The development of railroad
transport paralleled the industrial revolution and fuelled the production
and distribution of cheaper and standardized goods. The mass
consumption and transport rendered seamless by the railroad influenced
architecture and building construction as the manufacturing processes for
rolling, pressing and forging growing out of the needs of a newly
industrialized world componentized production and lead to the progress of
skeletal frames.
From steel beams, to open frame
structures and manufactured paneling systems, architects and builders profited
from the sharing of knowledge between industries. This transfer was
further stimulated by the war efforts of the early 20th century. Many factory
produced building systems were conceived out of the hybridization of building
and manufacturing. The Dymaxion house designed by Buckminster Fuller or the
portable barracks of Jean Prouvé are emblematic of this heroic era of
architectural explorations on buildings as well as mass-produced objects.

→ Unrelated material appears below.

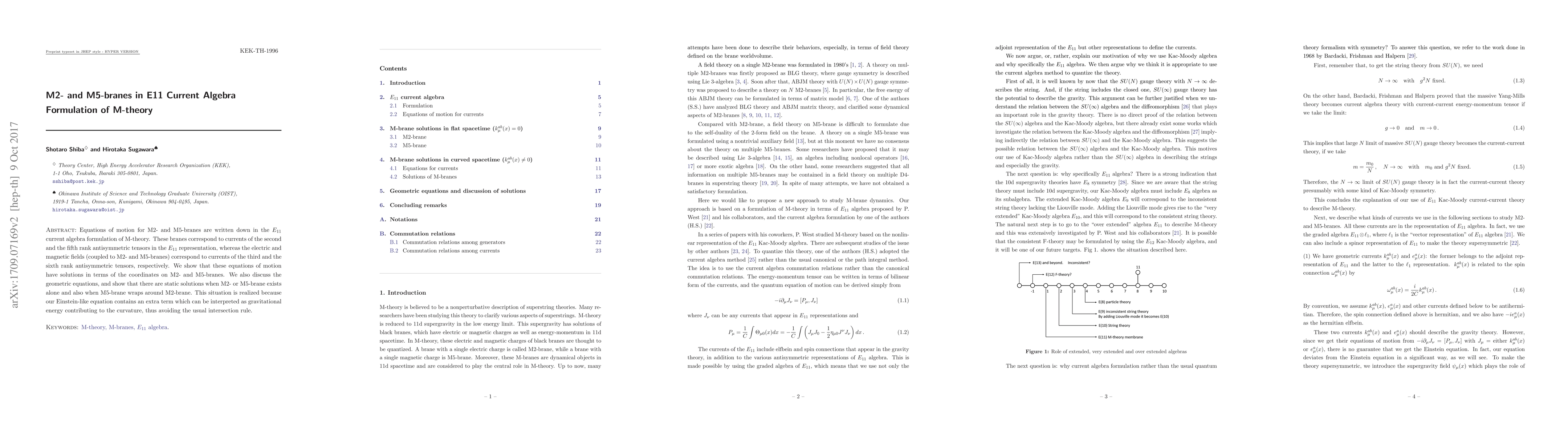 Equations of motion for M2- and M5-branes are written down in the $E_{11}$ current algebra formulation of M-theory. These branes correspond to currents of the second and the fifth rank antisymmetric tensors in the $E_{11}$ representation, whereas the electric and magnetic fields (coupled to M2- and M5-branes) correspond to currents of the third and the sixth rank antisymmetric tensors, respectively. We show that these equations of motion have solutions in terms of the coordinates on M2- and M5-branes. We also discuss the geometric equations, and show that there are static solutions when M2- or M5-brane exists alone and also when M5-brane wraps around M2-brane. This situation is realized because our Einstein-like equation contains an extra term which can be interpreted as gravitational energy contributing to the curvature, thus avoiding the usual intersection rule.

Bertrand Goldberg’s work for the
Unicel Freight Cars is characteristic of an architect’s sensibilities being directed
to non-traditional mandates. Augmented production of steel for wartime use created
a shortage for steel's other uses and had many producers looking for stable
alternatives.
The Pressed Steel Car Company
mandated Bertrand Goldberg to design a rail car that would be as solid as steel
but manufactured by alternative means. Goldberg’s proposal was a railcar
structure made from a plywood stressed skin panel. A thick plywood panel produced
by bonding multiple thicknesses was proposed as a strong and durable
alternative to pressed steel. The massive wood container could be produced, insulated
and transported as efficiently as its steel counterpart.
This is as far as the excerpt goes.